おつむてんてん 意味・語源・由来

赤ちゃんをあやす「おつむてんてん」は江戸時代から?

赤ちゃんをあやす「おつむてんてん」という伝統的な手遊びがある。『ちょち ちょち あわわ』という手遊び歌の中でも歌われ、赤ちゃんと楽しくコミュニケーションがとれる手軽な遊びとして定着している。

ベビープーの おつむてんてん(ディズニー幼児絵本)

この「おつむてんてん」について、頭を意味する幼児語「おつむ」と、擬音語の「てんてん」に分けたうえで、意味や語源・由来などを簡単にまとめてみたい。
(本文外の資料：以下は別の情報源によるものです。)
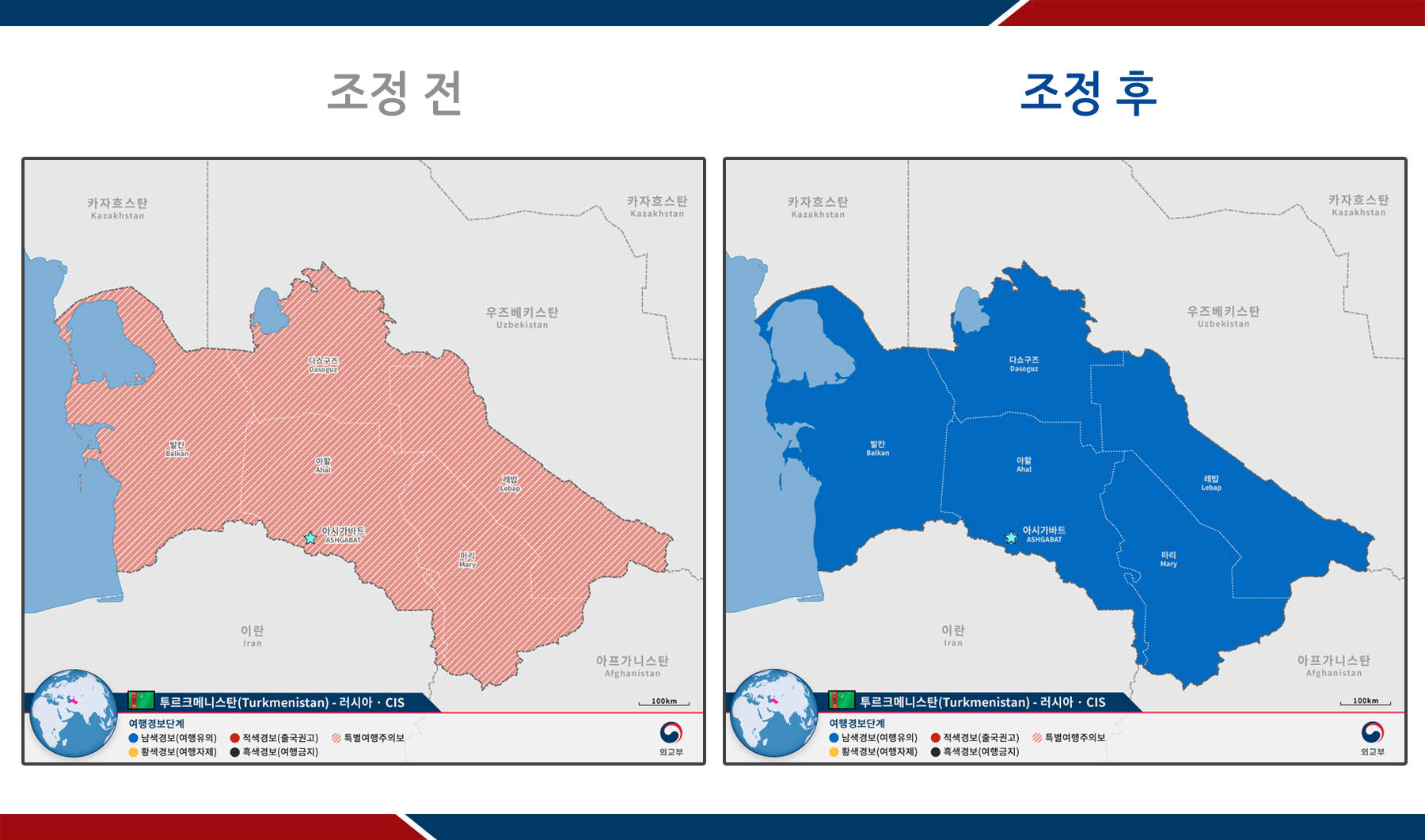 ※ 붙임 : 여행경보 단계 조정 결과. 끝.

写真:ベビープーの おつむてんてん(ディズニー幼児絵本)

おつむの語源

おつむの語源は、宮中の女官が用いた「おつむり」。接頭語の「お」と、頭を意味する「つむり」から成る。

「つむり」の語源は、丸くて小さいものを表す「つぶり」で、「つぶらな瞳」の「つぶら」や、かたつむりの「つむり」も同源だという。

竹取物語絵巻 中巻

画像:竹取物語絵巻 中巻(出典:立教大学デジタルライブラリ)

ちなみに、「おつむり」のような宮中の女官が用いた言葉は「女房言葉(女房詞)」と呼ばれ、「お」がつく例としては、現代でも「おかか」「おかず」「おでん」「おにぎり(おむすび)」などが使われている。

てんてんは天々?

精選版 日本国語大辞典によれば、「てんてん」の意味は「頭をいう幼児語。つむり。」と解説されており、漢字では「天々」と表記されている。

この解説によれば、「おつむてんてん」の「おつむ」も「てんてん」も、両方とも頭を意味する幼児語ということになる。

ここでの「天」は高い場所を意味しており、「脳天」の「天」と同様の意味合いで使われている。

「天」を繰り返すのは、「手」を繰り返して「おてて」という幼児語になるのに近い用法だろう。赤ん坊が這って歩く「ハイハイ」も同じ。

擬音語としての「てんてん」

「てんてん」という言葉は、「てんつくてんてん」などのように、お囃子(はやし)の太鼓を叩くときの擬音として使われる場合も少なくない。

また、手まり・ゴムボールを手でつく場合にも「てんてん」という表現が用いられる(参照:童謡『まりと殿様(てんてんてんまり てんてまり)』)。

幼児をあやす際の「おつむてんてん」では、頭を手でポンポンと軽く叩く動作を行うが、これはまさに太鼓(小鼓・大鼓)や手まりを「てんてん」と叩く・つく動作と類似している。

つまり、「おつむてんてん」の「てんてん」には、頭を意味する「天々」の他にも、鼓や手まりなどを軽く叩く・つく際の擬音語としての意味合いも暗に込められているのではないだろうか。

あたまてんてん

江戸時代頃の「おつむてんてん」には、「おつむ」ではなく「あたま」、つまり「あたまてんてん」と呼称されていた例も見られる。

とかく子供達は
いたいけがよいものぢゃ
〈略〉
冠(かむ)り冠り しほの目
頭(アタマ)てんてんよ

<引用:荻江節・面かぶり(1765頃)>

「面かぶり」とは、江戸時代から存在する歌舞伎・浄瑠璃・長唄の演目の一つ。「童子戯面被(どうじの たわむれ めんかぶり)」とも題される。

「冠(かむ)り冠り しほの目」の部分は、現代では『ちょち ちょち あわわ』という古い手遊び歌・あやし歌のルーツと考えられる。

この「あたまてんてん」という言い方が、江戸時代には一般的だったのか、それともこの歌舞伎・浄瑠璃の中だけの例外的な言い方だったのかは不明だ。